Иван не ответил, молча сел на пол, скользнув спиной по кирпичной стене. Рядом сел Хаммер, застонав и что-то пробормотав еле слышно.

Круль направил фонарь на лицо Джека.

Пот, беспрерывно стекавший по лицу Хаммера, оставлял на испачканном пылью лице хозяина стейк-бара белые полоски.

— Просто зебра какая-то, — засмеялся Круль, усаживаясь у противоположной стены. — Отдышись, полосатый, у меня к тебе разговор.

Хаммер попытался заслониться от режущего света фонаря.

— Ручки убрали! — скомандовал Круль. — Пообрезаю на фиг. Для ответа на мои вопросы тебе руки не нужны, имей в виду.

Хаммер уронил руки на колени.

— Вот так-то лучше, — снова засмеялся Круль и перевел луч света вверх, направил на стену над головой Джека. — Теперь быстро отвечай — кто тебя пас?

— Что? — еле слышно спросил Хаммер.

— Я говорю — на кого ты работал, морячок? Только не заливай мне о галатах, не нужно…

— Почему не нужно? — Хаммер провел по лицу рукой. — Галаты… Они ко мне пришли еще десять лет назад. Пришли, приказали… А у меня выбор был? Был у меня выбор? Я сунулся в Конюшню, как, мол, поступить, жить-то хочется… Жеребцы, они тоже церемониться не станут, если сотрудничество с галатами всплывет…

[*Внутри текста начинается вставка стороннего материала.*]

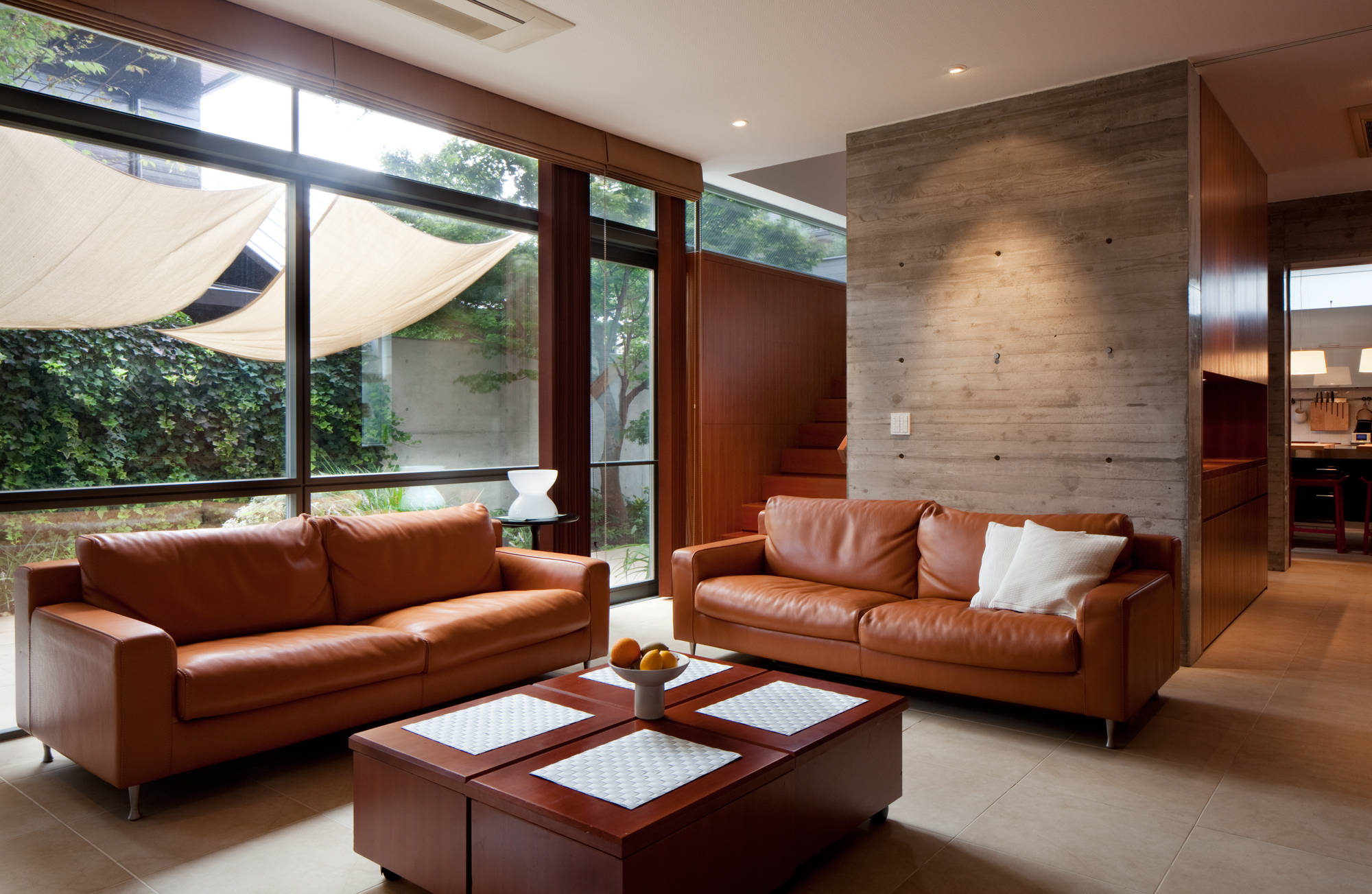 東京都、閑静な住宅地に計画したRC造2階建ての住宅。プライバシーの確保と開放性が求められた。そこで縦長のヴォリュームを敷地中央におき、南北両面に庭をとることで、 生活空間を緑豊かな緩衝空間で取り囲む配置とした。中央のヴォリュームはプログラムにあわせて4つのブロックに分節し、それらを少しだけずらしながら繋いでいる。これにより外部に表れるヴォリュームは程よく分節され、庭に変化がうまれる。また内部には視線や風の抜け道が生まれるとともに、空間に適度なたまりができた。エントランス・リビング・ダイニング・キッチン、各部屋からはそれぞれの空間の特性に合わせた庭を楽しむことができる。重厚感ある本実のRC壁・豊かな緑に囲われ、外との繋がりをもちながらも落ち着きのある住宅となった。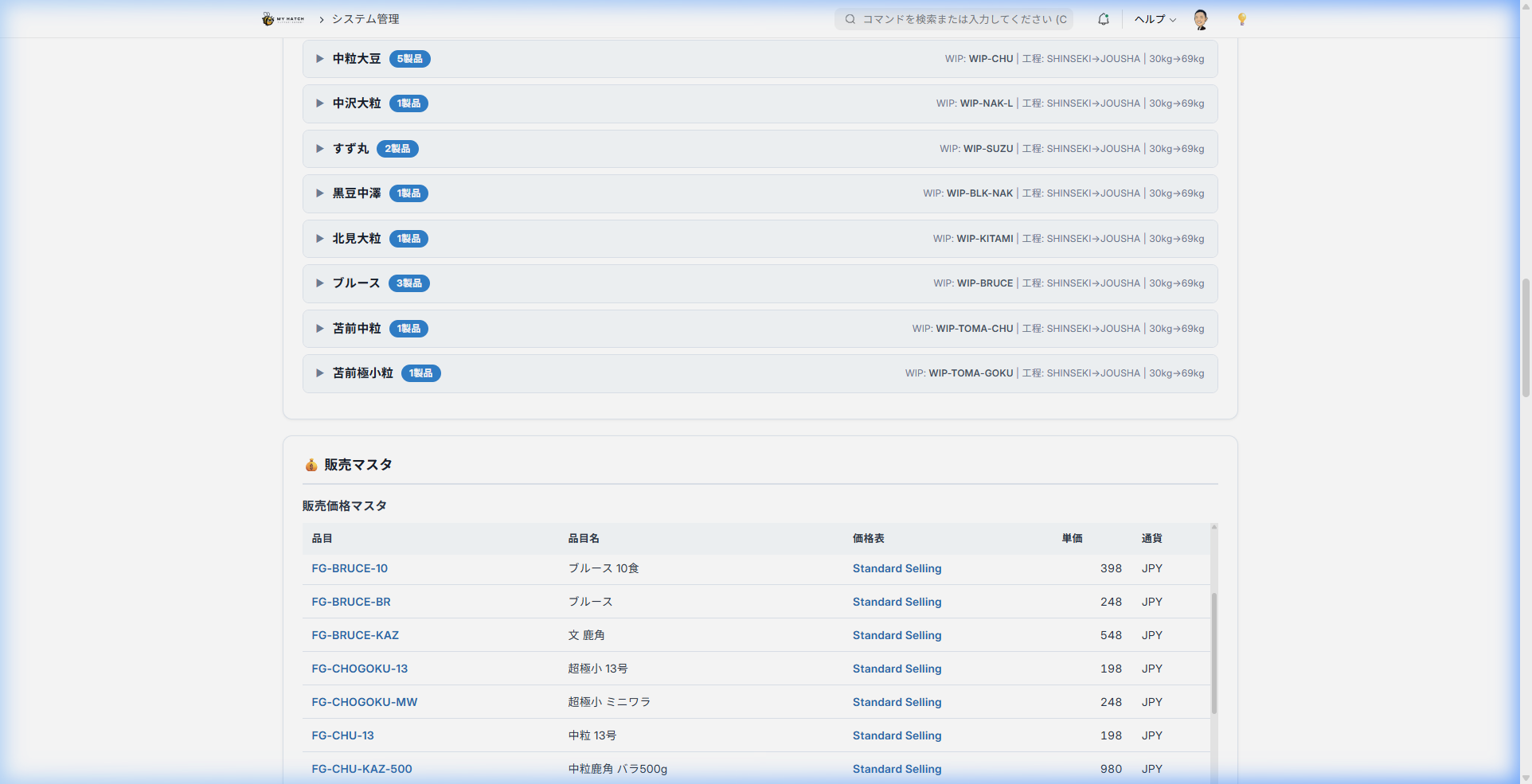 | 品目グループ | 完成品・原材料・仕掛品・包装資材 などで絞り込み |

— Кто тебя вербовал? — спросил Круль.

Луч фонаря снова опустился вниз, на лицо Хаммера, превратившееся в черно-белую маску отчаяния.

— Я ведь могу и пристрелить…

— Можешь, — кивнул Хаммер. — Стреляй, чего тянешь?

— Оп-па, — луч скользнул к Ивану, ослепил на мгновение, потом снова вернулся к Хаммеру. — Слышал, Ваня, как полагаешь, откуда такая смелость вдруг образовалась у нашего трусливого друга?

Иван закрыл глаза, пытаясь избавиться от белых пятен перед глазами. Круль — идиот. Машет фонарем почем зря, а если сейчас кто-то появится из темноты, Ивану придется сражаться на ощупь. Подошел к гаду, нащупал, приставил ствол и выстрелил. Смешно.

— Ваня! — окликнул Круль. — Ты спишь?

— Я проморгаться пытаюсь, — буркнул Иван. — А Хаммер, может, бояться устал. Запсиховал, я ведь его бабу полчаса назад пристрелил, если ты не заметил.

— Психуешь, морячок? — спросил Круль.

Хаммер не ответил, опустил голову и сжал лицо руками.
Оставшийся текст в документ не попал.